Former CPPIB chief financial officer Benita Warmbold, who worked with Mr. Graham for nine years prior to retiring in 2017, said the new CEO showed “a consistent knack for building the business.” In 2015, CPPIB paid US$12-billion to buy Chicago-based lender Antares Capital from General Electric, one of the fund manager’s largest foreign forays. Mr. Graham was one of the executives charged with overseeing the investment, as an Antares board member.

“Colleagues at all levels enjoyed working with John, including me,” said Ms.

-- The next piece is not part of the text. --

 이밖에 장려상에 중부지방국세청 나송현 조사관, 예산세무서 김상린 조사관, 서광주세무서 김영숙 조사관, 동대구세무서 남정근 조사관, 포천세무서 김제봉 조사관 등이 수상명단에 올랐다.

Warmbold. “His humility certainly fits the purpose of CPPIB.” One of Mr. Graham’s first leadership roles was running a 35-person credit investment group. Today, that team has 125 employees, and 42 per cent of the work force is female, a sign of a commitment to inclusion that colleagues say is critical to advancing in a public-sector fund.

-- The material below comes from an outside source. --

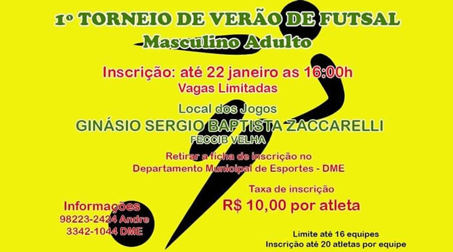 Estão abertas inscrições para o “1º Torneio de Verão de Futsal Masculino Adulto”, que será realizado no Ginásio Municipal de Esportes “Sérgio Baptista Zaccarelli”. Os interessados devem entregar a ficha de inscrição na secretaria do DME, até quarta-feira (22/01), às 16h.

In 2018, Mr. Graham took global responsibility for all of CPPIB’s credit-based investments, running a $57-billion portfolio and taking a seat with the 14 senior executives who run the fund manager. In a press release on Friday, CPPIB chair Heather Munroe-Blum said: ”By consistently demonstrating deep knowledge of our operations, embracing a global mindset during his time in Asia, while delivering value as a founder and leader of a key investment department, John earned the Board’s unequivocal confidence.”

The new role will mean a significant raise for Mr. Graham, who is married and has two teenaged children. His predecessor earned $5.9-million last year, while the incoming CEO didn’t crack the fund manager’s list of its five highest paid executives.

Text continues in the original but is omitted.